(Items from a dataset)
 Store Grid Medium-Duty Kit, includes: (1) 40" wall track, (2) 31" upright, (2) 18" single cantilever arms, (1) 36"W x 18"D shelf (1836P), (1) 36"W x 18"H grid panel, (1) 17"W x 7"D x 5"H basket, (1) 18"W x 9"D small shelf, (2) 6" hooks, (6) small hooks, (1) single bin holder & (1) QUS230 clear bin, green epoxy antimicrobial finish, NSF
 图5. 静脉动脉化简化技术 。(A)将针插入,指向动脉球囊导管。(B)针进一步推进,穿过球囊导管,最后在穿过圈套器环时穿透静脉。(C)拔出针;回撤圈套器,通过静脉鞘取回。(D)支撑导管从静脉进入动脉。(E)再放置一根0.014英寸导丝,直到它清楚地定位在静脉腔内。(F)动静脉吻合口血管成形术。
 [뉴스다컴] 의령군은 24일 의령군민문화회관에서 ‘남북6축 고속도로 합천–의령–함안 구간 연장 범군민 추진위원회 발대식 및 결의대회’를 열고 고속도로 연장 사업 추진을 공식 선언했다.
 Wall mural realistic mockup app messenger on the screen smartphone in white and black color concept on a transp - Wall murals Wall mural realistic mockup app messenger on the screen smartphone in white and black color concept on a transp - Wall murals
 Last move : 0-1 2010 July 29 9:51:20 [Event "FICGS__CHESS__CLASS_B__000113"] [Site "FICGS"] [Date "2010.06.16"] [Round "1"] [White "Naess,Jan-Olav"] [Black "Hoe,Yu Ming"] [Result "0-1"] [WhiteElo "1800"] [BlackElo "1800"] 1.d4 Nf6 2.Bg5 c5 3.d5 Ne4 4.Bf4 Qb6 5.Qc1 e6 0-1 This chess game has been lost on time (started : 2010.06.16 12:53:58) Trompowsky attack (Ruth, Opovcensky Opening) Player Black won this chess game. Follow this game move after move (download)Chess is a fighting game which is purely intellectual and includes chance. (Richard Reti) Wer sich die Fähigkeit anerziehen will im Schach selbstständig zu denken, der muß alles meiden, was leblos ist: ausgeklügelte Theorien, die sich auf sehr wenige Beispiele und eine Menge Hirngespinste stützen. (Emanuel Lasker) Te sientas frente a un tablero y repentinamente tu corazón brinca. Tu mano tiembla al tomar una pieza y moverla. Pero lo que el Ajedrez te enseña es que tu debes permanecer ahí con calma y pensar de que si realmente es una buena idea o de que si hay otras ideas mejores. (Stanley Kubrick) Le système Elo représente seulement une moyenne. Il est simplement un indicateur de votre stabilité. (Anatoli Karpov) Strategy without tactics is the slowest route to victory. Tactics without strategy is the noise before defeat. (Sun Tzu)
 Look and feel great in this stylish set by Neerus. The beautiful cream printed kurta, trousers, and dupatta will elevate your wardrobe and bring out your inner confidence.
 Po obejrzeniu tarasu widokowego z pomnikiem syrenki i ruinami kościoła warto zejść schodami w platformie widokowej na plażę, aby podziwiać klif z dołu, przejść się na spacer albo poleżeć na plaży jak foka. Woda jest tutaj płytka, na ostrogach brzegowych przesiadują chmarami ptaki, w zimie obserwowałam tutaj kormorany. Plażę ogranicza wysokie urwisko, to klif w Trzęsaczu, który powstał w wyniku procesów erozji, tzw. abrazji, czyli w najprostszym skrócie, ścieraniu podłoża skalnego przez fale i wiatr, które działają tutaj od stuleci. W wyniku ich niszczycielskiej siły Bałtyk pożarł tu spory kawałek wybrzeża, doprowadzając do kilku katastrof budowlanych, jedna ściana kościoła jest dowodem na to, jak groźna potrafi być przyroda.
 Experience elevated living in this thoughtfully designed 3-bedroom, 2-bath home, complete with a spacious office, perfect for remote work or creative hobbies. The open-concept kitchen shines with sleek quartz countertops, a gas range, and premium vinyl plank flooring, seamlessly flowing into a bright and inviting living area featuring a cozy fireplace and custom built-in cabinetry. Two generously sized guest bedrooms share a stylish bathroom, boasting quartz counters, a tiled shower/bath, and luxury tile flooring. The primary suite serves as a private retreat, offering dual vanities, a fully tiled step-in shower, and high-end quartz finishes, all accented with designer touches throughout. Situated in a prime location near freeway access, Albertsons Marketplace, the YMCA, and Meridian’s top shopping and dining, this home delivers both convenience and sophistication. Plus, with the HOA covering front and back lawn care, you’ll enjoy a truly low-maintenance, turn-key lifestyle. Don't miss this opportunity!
...
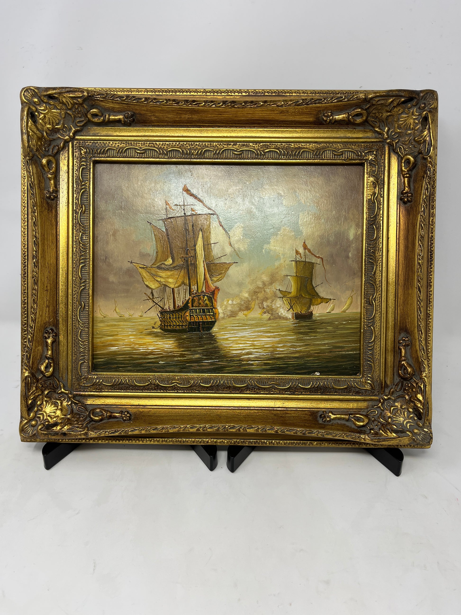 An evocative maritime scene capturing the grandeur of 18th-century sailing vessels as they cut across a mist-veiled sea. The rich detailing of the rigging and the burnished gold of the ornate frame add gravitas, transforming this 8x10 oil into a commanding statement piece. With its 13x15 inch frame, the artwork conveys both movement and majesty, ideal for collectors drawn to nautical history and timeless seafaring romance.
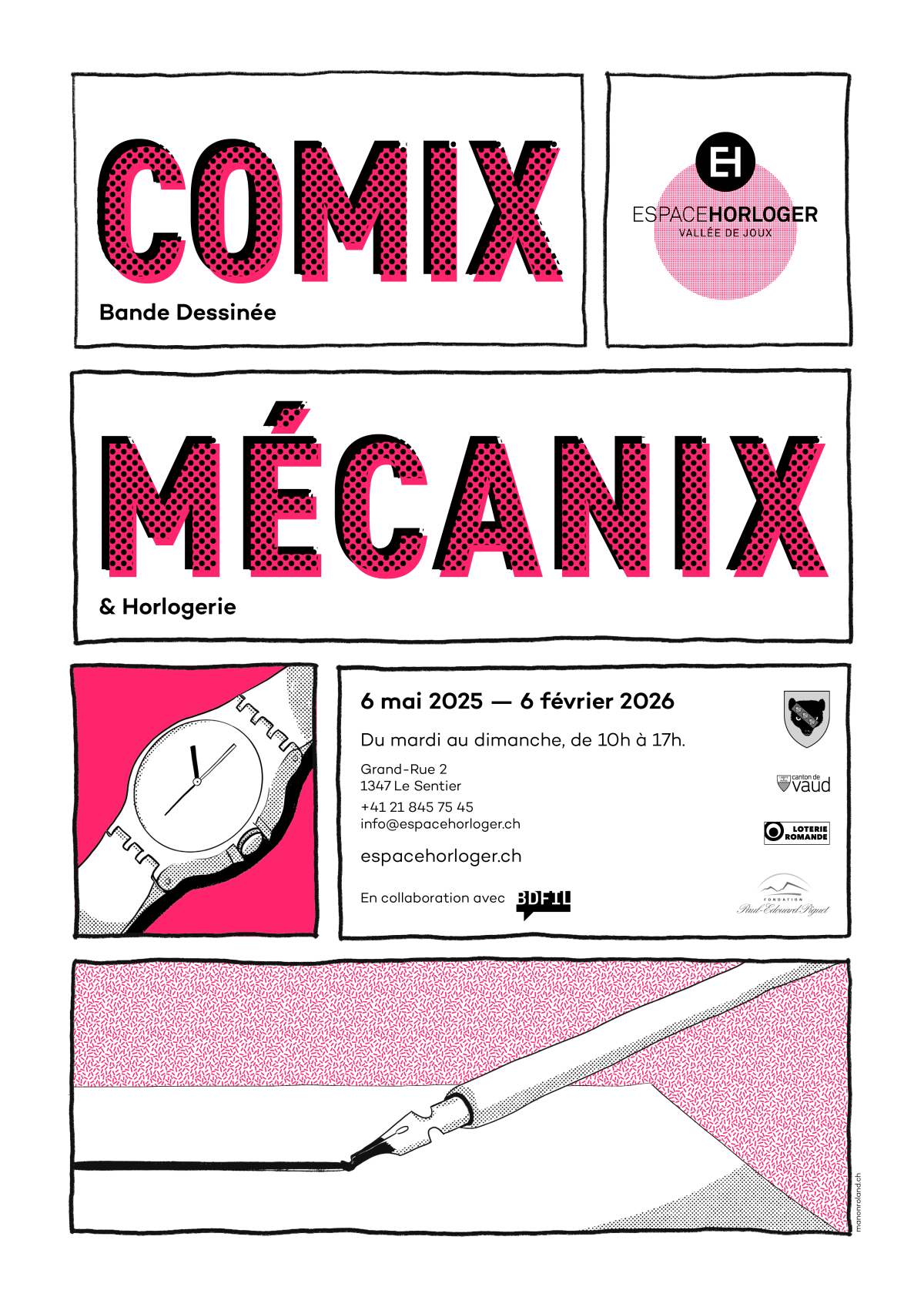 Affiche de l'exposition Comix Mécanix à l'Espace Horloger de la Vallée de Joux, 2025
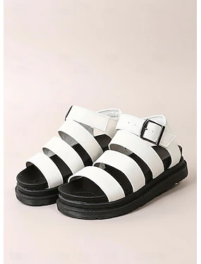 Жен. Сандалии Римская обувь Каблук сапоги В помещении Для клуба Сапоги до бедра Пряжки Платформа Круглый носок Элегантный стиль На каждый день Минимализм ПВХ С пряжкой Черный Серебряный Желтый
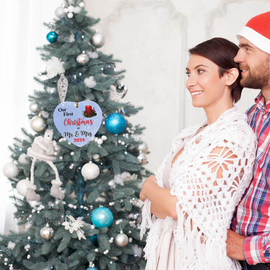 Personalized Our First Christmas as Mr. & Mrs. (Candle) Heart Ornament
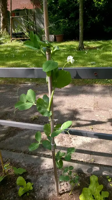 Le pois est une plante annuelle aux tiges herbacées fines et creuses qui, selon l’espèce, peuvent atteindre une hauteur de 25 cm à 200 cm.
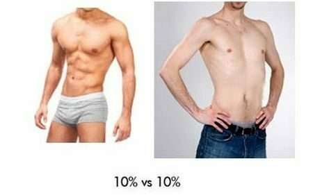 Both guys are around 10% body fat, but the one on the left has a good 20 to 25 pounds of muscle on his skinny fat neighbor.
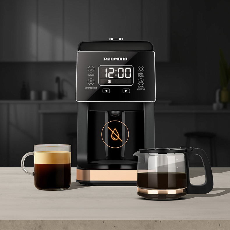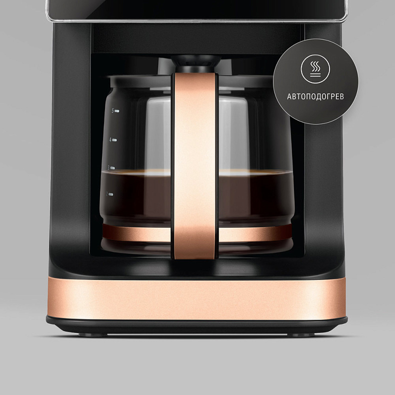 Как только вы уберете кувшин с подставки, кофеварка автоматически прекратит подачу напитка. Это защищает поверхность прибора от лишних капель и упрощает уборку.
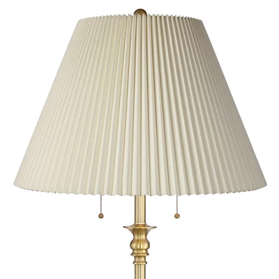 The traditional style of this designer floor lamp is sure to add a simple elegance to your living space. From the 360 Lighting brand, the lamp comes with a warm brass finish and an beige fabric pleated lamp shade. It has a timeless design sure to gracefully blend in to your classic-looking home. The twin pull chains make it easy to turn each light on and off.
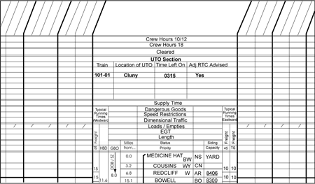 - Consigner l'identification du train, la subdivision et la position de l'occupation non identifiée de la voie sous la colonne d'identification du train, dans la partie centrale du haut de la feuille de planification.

> TO DO: Each line of the entries above that contains "concept" is to be copied.

> OUTPUT:
 Wall mural realistic mockup app messenger on the screen smartphone in white and black color concept on a transp - Wall murals Wall mural realistic mockup app messenger on the screen smartphone in white and black color concept on a transp - Wall murals
 Experience elevated living in this thoughtfully designed 3-bedroom, 2-bath home, complete with a spacious office, perfect for remote work or creative hobbies. The open-concept kitchen shines with sleek quartz countertops, a gas range, and premium vinyl plank flooring, seamlessly flowing into a bright and inviting living area featuring a cozy fireplace and custom built-in cabinetry. Two generously sized guest bedrooms share a stylish bathroom, boasting quartz counters, a tiled shower/bath, and luxury tile flooring. The primary suite serves as a private retreat, offering dual vanities, a fully tiled step-in shower, and high-end quartz finishes, all accented with designer touches throughout. Situated in a prime location near freeway access, Albertsons Marketplace, the YMCA, and Meridian’s top shopping and dining, this home delivers both convenience and sophistication. Plus, with the HOA covering front and back lawn care, you’ll enjoy a truly low-maintenance, turn-key lifestyle. Don't miss this opportunity!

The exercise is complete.